__EXERCISE BRIEF__
In the data below, reproduce everything exactly except the images.

__INFORMATION PROVIDED__

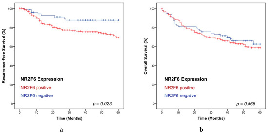 2.5. NR2F6-Expressing HNSCCs Are Associated with a Short Recurrence-Free Survival
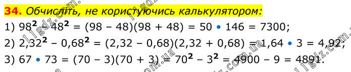 Обчисліть, не користуючись калькулятором: 1) 982 – 482 = (98 – 48)(98 + 48) = 50 • 146 = 7300; 2) 2,322 – 0,682 = (2,32 – 0,68)(2,32 + 0,68) = 1,64 • 3 = 4,92; 3) 67 • 73 = (70 – 3)(70 + 3) = 702 – 32 = 4900 – 9 = 4891.
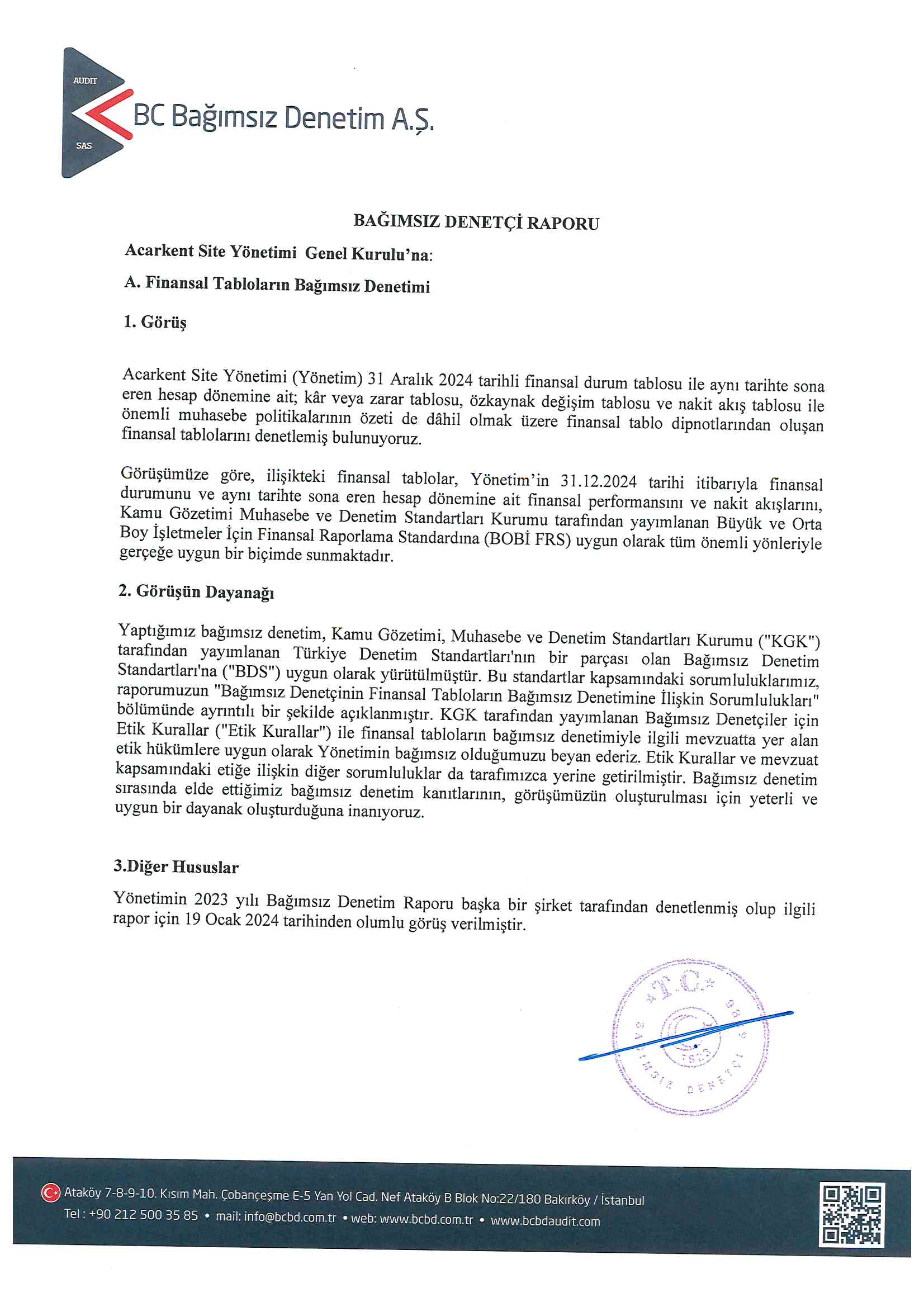 Haber & Duyurular Bağımsız Denetim Firmasının ACARKENT 2024 yılına ait Denetim Raporu 15 Ocak Çarşamba · 2025
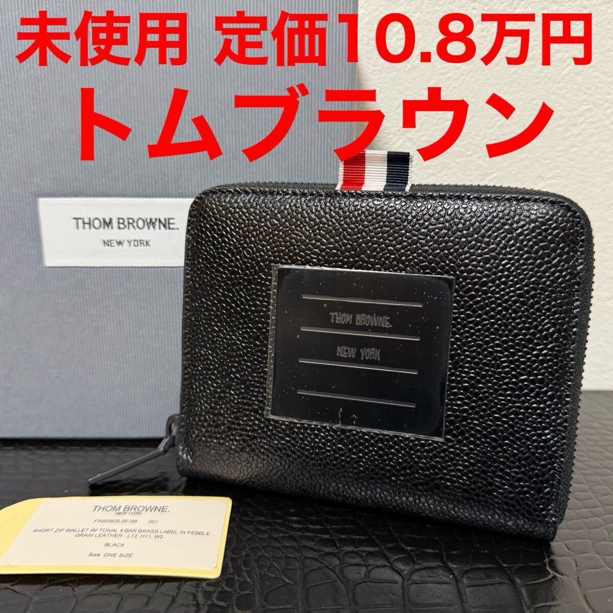 - トムブラウン THOM BROWNE 折財布 ウォレッ ラウンドジップ ブラック 黒色 レザー ペブルレザー ロゴプレート

__ANSWER BELOW__
 2.5. NR2F6-Expressing HNSCCs Are Associated with a Short Recurrence-Free Survival
 Обчисліть, не користуючись калькулятором: 1) 982 – 482 = (98 – 48)(98 + 48) = 50 • 146 = 7300; 2) 2,322 – 0,682 = (2,32 – 0,68)(2,32 + 0,68) = 1,64 • 3 = 4,92; 3) 67 • 73 = (70 – 3)(70 + 3) = 702 – 32 = 4900 – 9 = 4891.
 Haber & Duyurular Bağımsız Denetim Firmasının ACARKENT 2024 yılına ait Denetim Raporu 15 Ocak Çarşamba · 2025
 - トムブラウン THOM BROWNE 折財布 ウォレッ ラウンドジップ ブラック 黒色 レザー ペブルレザー ロゴプレート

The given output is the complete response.